Nada chega aos calcanhares deste momento em Emergency Third Rail Power Trip, mas há motivos de sobra para a sedução e rendição aos encantos dos restantes 9 temas que o formam. Tais como a nuvem em dia de sol de What She's Done To Your Mind, a sonhadora e envolvente Kaleidoscope ou a levitação psicadélica de This Can't Be Today. Talking In My Sleep parece antecipar os Stone Roses (rapazes com influências similares, porém mais luminosos), Look At Merri ginga com tímida sensualidade e o álbum termina com um rock de garagem quase puro intitulado Look Both Ways.
Emergency Third Rail Power Trip foi reeditado em 1992, acompanhado do segundo registo da banda, o igualmente interessante e refinado mini-LP Explosions In the Glass Palace. E é esta a edição que vale a pena ter, sobretudo por You're My Friend, single de 1985 e um dos seus temas mais imediatos e melhor desenhados. É certo que nesta altura David Roback já sabia bem o que fazia e os Rain Parade são tão importantes e consistentes como tudo o que se seguiu no seu percurso musical.

2 de outubro de 2013

Like a Rolling Stone


Já lhe chamaram o Santo Graal das biografias de estrelas do rock e com toda a legitimidade. Mais que um livro, Life é uma revelação. A biografia para esmagar todas as biografias. Pela frontalidade, crueza e sinceridade.
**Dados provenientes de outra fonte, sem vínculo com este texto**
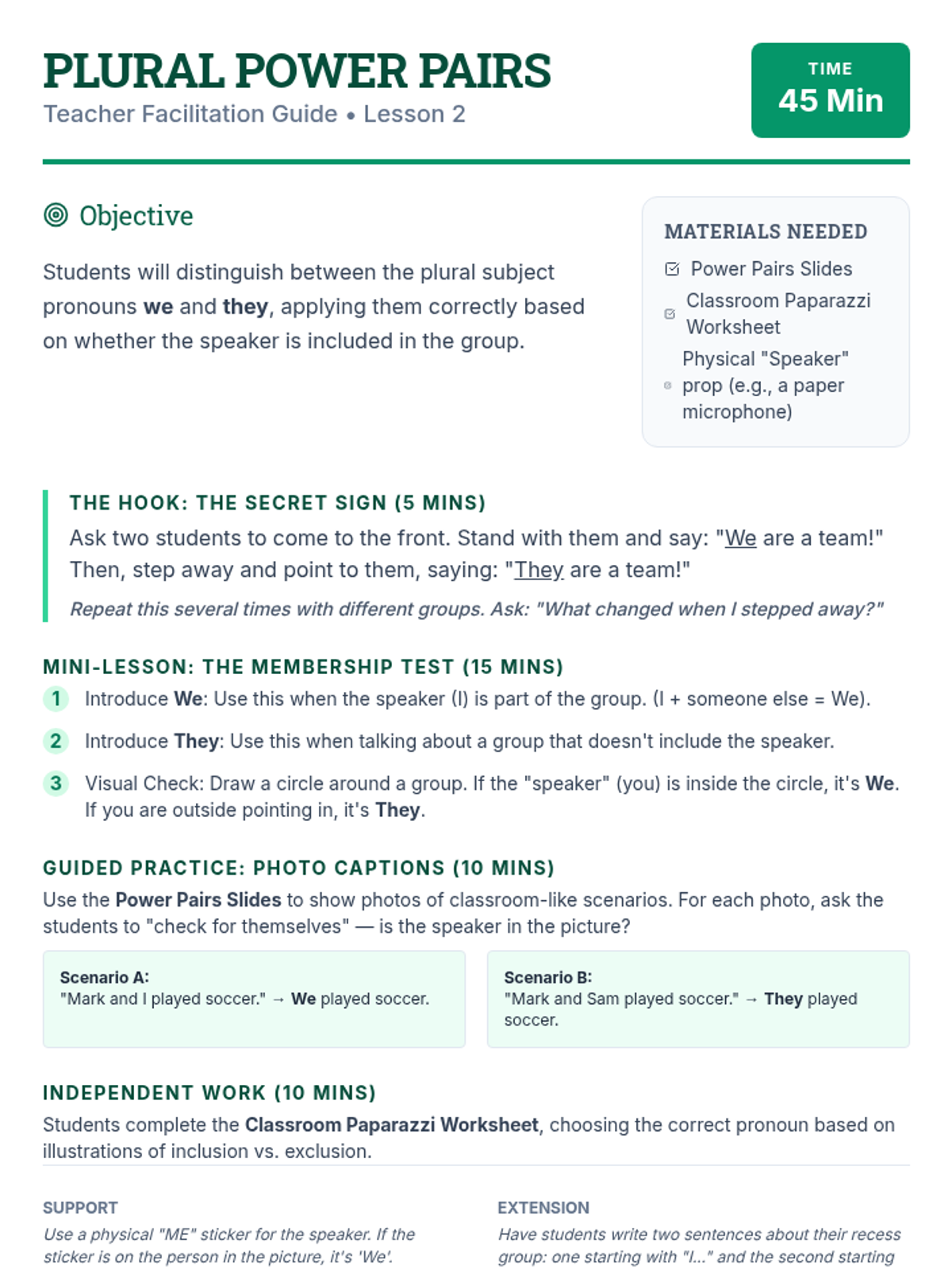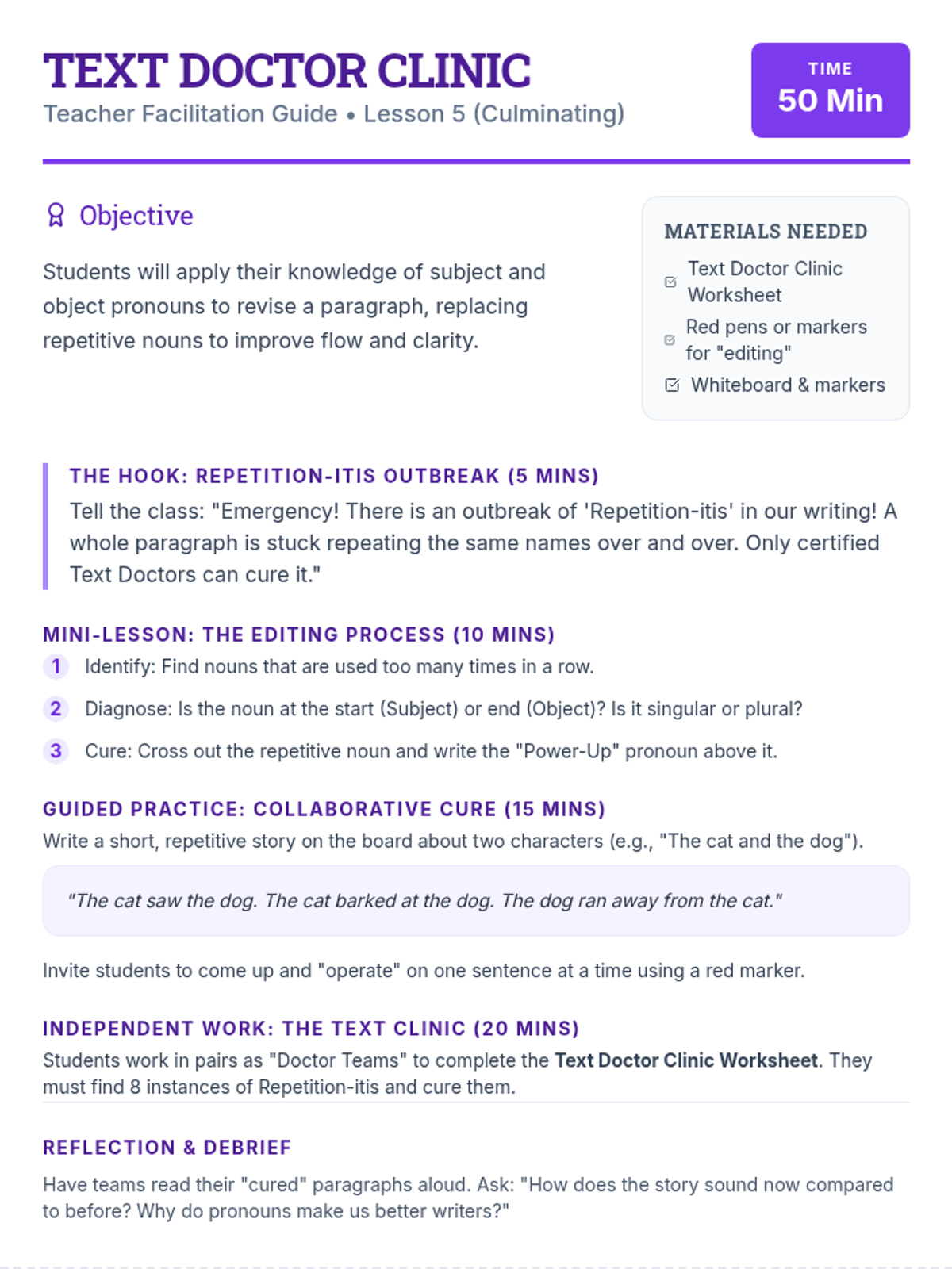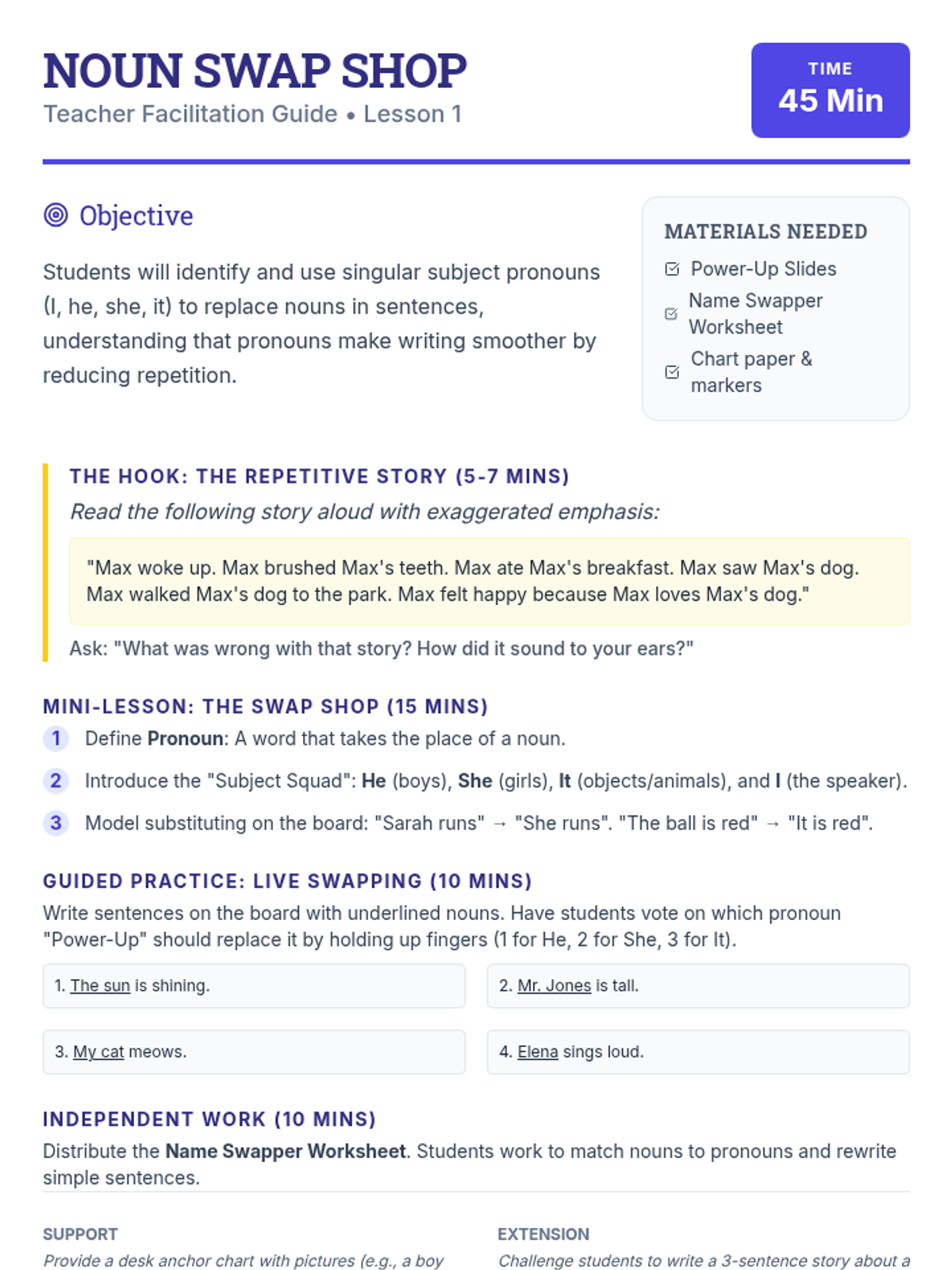 This sequence introduces 2nd-grade students to personal pronouns as tools for replacing nouns to avoid repetition. Through a workshop approach, students learn to distinguish between subject and object pronouns, moving from identification to application in sentence construction and ending with a collaborative editing project.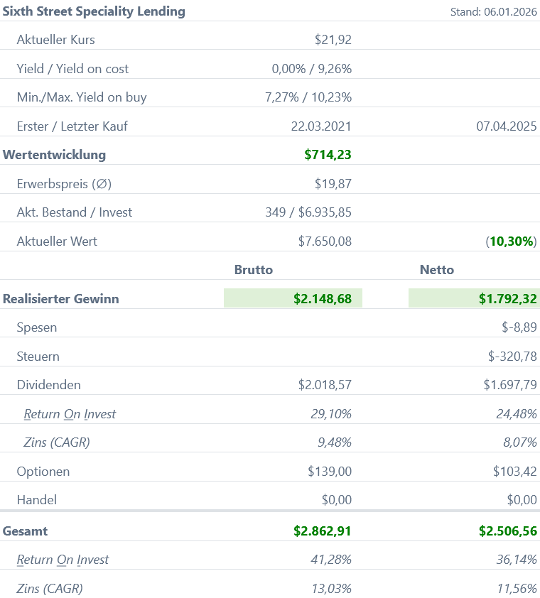 Zusätzlich zu den Dividenden konnten wir bislang mit Sixth Street Specialty Lending 139,00 US-Dollar durch den Optionshandel erwirtschaften.

Como se Keith Richards fosse trancado connosco numa sala vazia, apenas com um volume de Marlboro e uma garrafa de Jack Daniel's e desfiasse intimamente o seu rosário de memórias.
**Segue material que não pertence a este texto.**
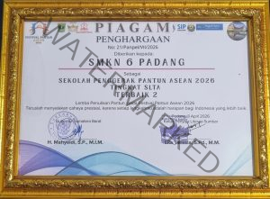Pada malam penganugerahan yang berlangsung di Istana Gubernur Sumatera Barat, SMKN 6 Padang berhasil meraih prestasi gemilang, yakni Juara 2 Sekolah Penggerak Pantun ASEAN 2026 tingkat SLTA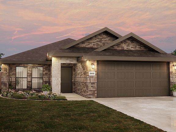 This 1,650 square-foot stone ranch-style home welcomes you with an inviting, elegant stone entry. Brick and stone columns frame a quaint front porch perfect for enjoying a warm cup of coffee on a relaxing morning. This affordable new home offers a 3 bedroom, 2 bathroom open concept floor plan including spacious gathering spaces ready for entertaining or quality time together. The long center island in the kitchen is made for your newest cuisine creations, along with a connected dining room so you can easily enjoy company while cooking! Finally, this home offers a large back patio, great for hosting outdoor get-togethers! This home is charming and functional, with plenty of storage and a sizable laundry room.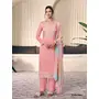 Peach Moonga Silk Semi Stitched Suit with Embroidery Sequence Work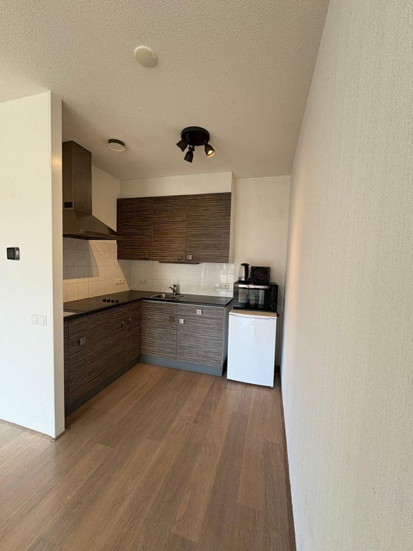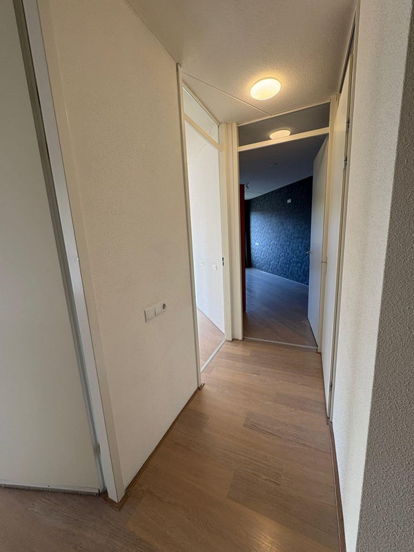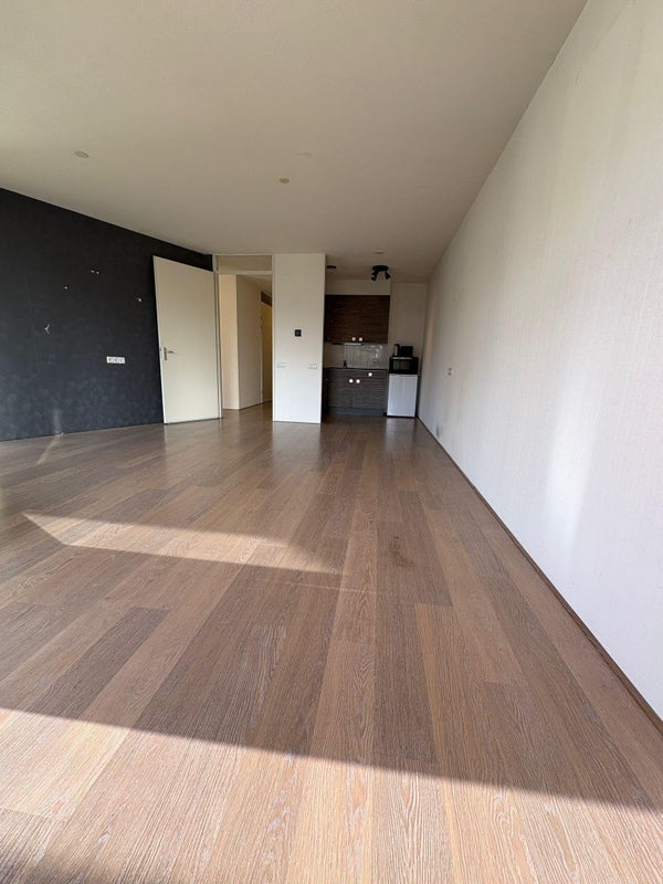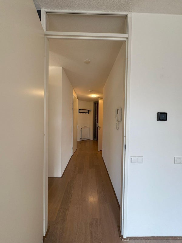 Entreehal, berging met opstelling c.v. ketel en aansluiting wasmachine en droger. Toegang tot de royale woonkamer met moderne half open keuken, voorzien van een inductiekookplaat, en inbouwapparatuur. De woonkamer heeft veel licht inval en vanhieruit heeft u toegang tot een ruim balkon en middels een schuifdeur toegang tot een slaapkamer/kasten kamer.
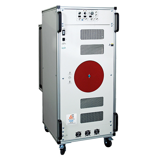 The Trek 50/12 DC-stable, high-voltage power amplifier features an all-solid-state design for high slew rate, wide bandwidth, and low-noise operation. It is designed to provide precise control of output voltages in the range of 0 to ±50 kV DC or peak AC with an output current range of 0 to ±12 mA DC or peak AC. The four-quadrant, active-output stage sinks or sources current to reactive or resistive loads throughout the output voltage range. This is essential to achieve accurate output responses and high slew rates demanded by reactive loads.

É um solilóquio que não deixa nada por dizer, nenhum mito por esboroar, nenhum rumor por confirmar. O lendário guitarrista dos Rolling Stones aplaca-nos a curiosidade acerca da sua vida preenchida de música e excessos. A vida que o levou da infância pobre na cidadezinha de Dartford no pós-2ª Guerra Mundial à aclamação universal como guitarrista da maior banda de rock'n'roll do mundo.
O resto é o que se espera de Keef:  A avalanche de drogas, a fuga que propiciam, o combustível narcótico que delas advém e a desconstrução do seu romantismo; o sexo com mulheres que nunca pensou vir a ter; julgamentos de vária ordem; tiros, facas e carros a acelerar pela noite americana; a verdade sobre Brian Jones; a reputação de Mick Jagger estraçalhada. E, mais que tudo, um enorme fuck you à autoridade e às normas estabelecidas lançado por um homem que viu e viveu mais do que qualquer um de nós alguma vez sonhou. Um homem que, apesar da carapaça durona e o epíteto de excessivo e decadente demonstra, não raras vezes ao longo do livro, uma sensibilidade enorme e cavalheiresca.
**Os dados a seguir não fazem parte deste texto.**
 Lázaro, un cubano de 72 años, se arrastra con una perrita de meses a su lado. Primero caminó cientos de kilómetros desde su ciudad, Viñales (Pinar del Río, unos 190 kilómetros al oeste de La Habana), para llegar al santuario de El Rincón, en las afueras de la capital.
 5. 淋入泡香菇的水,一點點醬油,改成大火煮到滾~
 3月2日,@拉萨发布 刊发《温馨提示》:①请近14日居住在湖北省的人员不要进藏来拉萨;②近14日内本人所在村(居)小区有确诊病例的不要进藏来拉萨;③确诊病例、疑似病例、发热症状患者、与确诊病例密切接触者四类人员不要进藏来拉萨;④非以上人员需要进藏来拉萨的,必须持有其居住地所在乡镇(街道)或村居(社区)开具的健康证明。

Nenhuma descrição faz plena justiça ao que se encontra por entre as páginas de Life. Os pormenores sumarentos e as revelações surpreendentes só fazem sentido relatados pelas palavras de Keith e pela pena do seu co-autor, o jornalista James Fox. Dizer que esta obra é imprescindível para qualquer verdadeiro amante do rock torna-se, assim, redundante.